University of Michigan Law School Student-faculty Directory
Title | University of Michigan Law School Student-faculty Directory PDF eBook |
Author | University of Michigan. Law School |
Publisher | |
Pages | 44 |
Release | 1964 |
Genre | |
ISBN |
Legal Informatics
Title | Legal Informatics PDF eBook |
Author | Daniel Martin Katz |
Publisher | Cambridge University Press |
Pages | 525 |
Release | 2021-02-18 |
Genre | Business & Economics |
ISBN | 1107142725 |
This cutting-edge volume offers a theoretical and applied introduction to the emerging legal technology and informatics industry.
Settled Versus Right
Title | Settled Versus Right PDF eBook |
Author | Randy J. Kozel |
Publisher | Cambridge University Press |
Pages | 191 |
Release | 2017-06-06 |
Genre | Law |
ISBN | 110712753X |
This book analyzes the theoretical nuances and practical implications of how judges use precedent.
Contested Embrace
Title | Contested Embrace PDF eBook |
Author | Jaeeun Kim |
Publisher | Stanford University Press |
Pages | 361 |
Release | 2016-07-20 |
Genre | Social Science |
ISBN | 080479961X |
Scholars have long examined the relationship between nation-states and their "internal others," such as immigrants and ethnoracial minorities.
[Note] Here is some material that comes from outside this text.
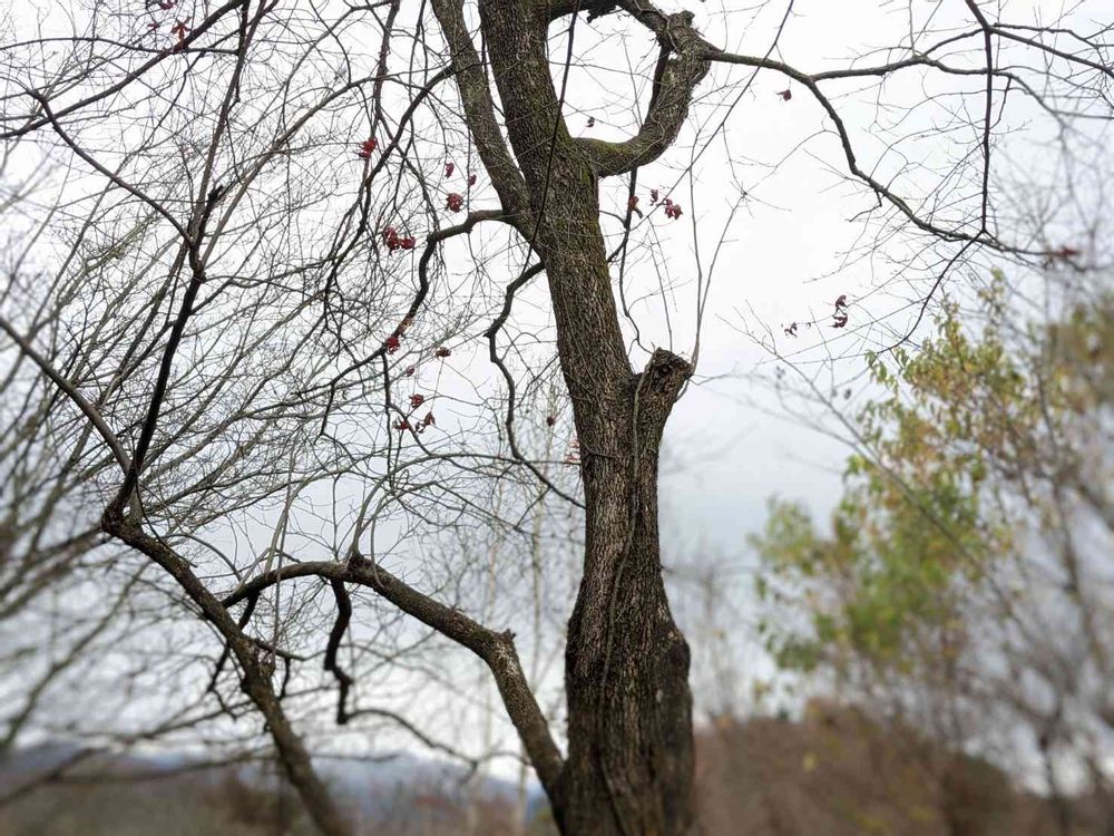 今年も屏風絵のような美しさを見せてくれたイロハモミジの斜面側の枝には 紅葉葉はもうチラホラ…🍁

Contested Embrace shifts the analytic focus to explore how a state relates to people it views as "external members" such as emigrants and diasporas. Specifically, Jaeeun Kim analyzes disputes over the belonging of Koreans in Japan and China, focusing on their contested relationship with the colonial and postcolonial states in the Korean peninsula. Extending the constructivist approach to nationalisms and the culturalist view of the modern state to a transnational context, Contested Embrace illuminates the political and bureaucratic construction of ethno-national populations beyond the territorial boundary of the state. Through a comparative analysis of transborder membership politics in the colonial, Cold War, and post-Cold War periods, the book shows how the configuration of geopolitics, bureaucratic techniques, and actors' agency shapes the making, unmaking, and remaking of transborder ties. Kim demonstrates that being a "homeland" state or a member of the "transborder nation" is a precarious, arduous, and revocable political achievement.
Chinese Contract Law
Title | Chinese Contract Law PDF eBook |
Author | Mo Zhang |
Publisher | BRILL |
Pages | 389 |
Release | 2006 |
Genre | Law |
ISBN | 9004150412 |
This volume presents a well-analyzed inside view of Chinese contract law in theory and practice, which will be of interest to both academic researchers and practitioners in this area.